How my children found the warrior in me
This is my story, my little one amongst the many. It is not unique because every mother carries her own tale, and this is just mine.
I wear the scars of my children.
I realised this five days ago as I lay mostly immobile, and fitted with tubes, stroking the hair of Samson James- cut into this world the morning before. I was feeling good; blissful and light but a little guilty. Guilty that I hadn’t felt this good when his brother Leo Peter had been cut into the world two years ago. Back then I had felt detached, uncomfortable and hurting as my body reacted in shock to the surgery; throbbed with the pain of a half-finished, abscessing root canal and struggled with tiredness.
Aware of the need to not attach and feed negative emotions; I pocketed the guilt. I let it drift to the corner of my mind and focussed instead on the beauty of my new limpet child until memory caught up with me.
I remembered two years ago, I remembered being amongst the crisp white sheets, amongst the pain and the mild, drug induced detachment stroking in wonder and curiosity the pale head of Leo but feeling guilty. Guilty that I hadn’t been able to be hold Maxwell William when he was a day old. Instead he had been in the sterile, life-protecting, transparent confines of a humidity crib three hours away.
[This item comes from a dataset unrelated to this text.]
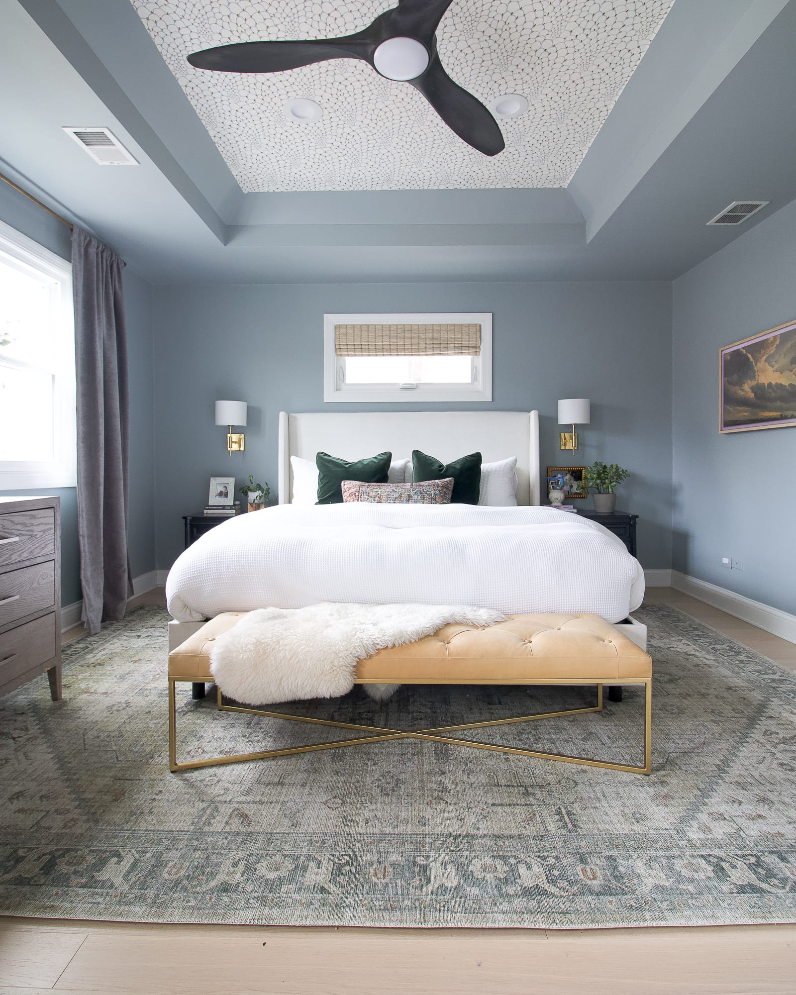 After living in the space for about a year, we decided to take things to the next level. We wallpapered the ceiling, I painted the walls a pretty blue-gray color, and we added lots of personality with furniture and our new Frame TV. It is now a serene oasis at the end of a long day.

As the memories coalesced, so did the realisations that guilt was a common factor in my births and that each child’s coming carried a scar.
There was the trauma of Maxwell’s emergency ceaser. Of seeing a blue child hoisted into the world, of the four long minutes that he didn’t breathe. There was the precious relief and the beauty of his alert twitching self when he decided he was here to stay. The tender delight of our first cuddle and the tearful, trusting goodbye as he was taken to Melbourne to be cared for and the next day and night: the longest in my life. I slept with a photo of him held tight in my fist: now a mother with no child next to me to touch- to prove it. No child to hug and validate the first thin pink scar across the bottom of my abdomen.
My second pink scar bore Leo to the world via an elective ceaser, the procedure full of fear and nausea. My first week of being Leo’s mother was tainted by the distaste, shock and reeling recovery of the operation. The realisation of what my body had to endure without adrenalin to buffet the experience. There was the toothache as a root shriveled and died with a distractingly sharp pain that this breast feeding mum could barely medicate against. And then there was the jaundice and the decision to flush it from my son’s vulnerable body with hourly feeds. Every hour. On the hour: all day and all night.
The last, not yet pink, gash belongs to Samson. Samson, whose surgical birth felt fine, smooth even, despite its mild complications but whose in utero journey had caused me and my loved ones the torment that was the depression. He will be my last scar.
However to say that these scars have hurt me would be a lie for as you all know they’ve left me anything but empty handed. However it’s not just the blessing of their little lives in mine I wish to celebrate. It is that thanks to my children I found the warrior in me. Before they were born I never knew I had the strength to walk one day after my insides had been sliced apart to prove that I was fit enough to be reunited with my child. I didn’t know that I could rouse and rise through the thick of tired pain to give my child the means and the strength to flush the poisonous bilirubin from his system. Before their birth I did not know that I could wake each day when my brain demanded I be flattened by the world and had turned into my enemy hating and wanting to hurt the flesh I traveled in. I didn’t know that the will to preserve another outweighed the will to preserve myself and how I could channel that will to recovery. Until my children were born I didn’t know how strong I was: I don’t think any mother or any parent does.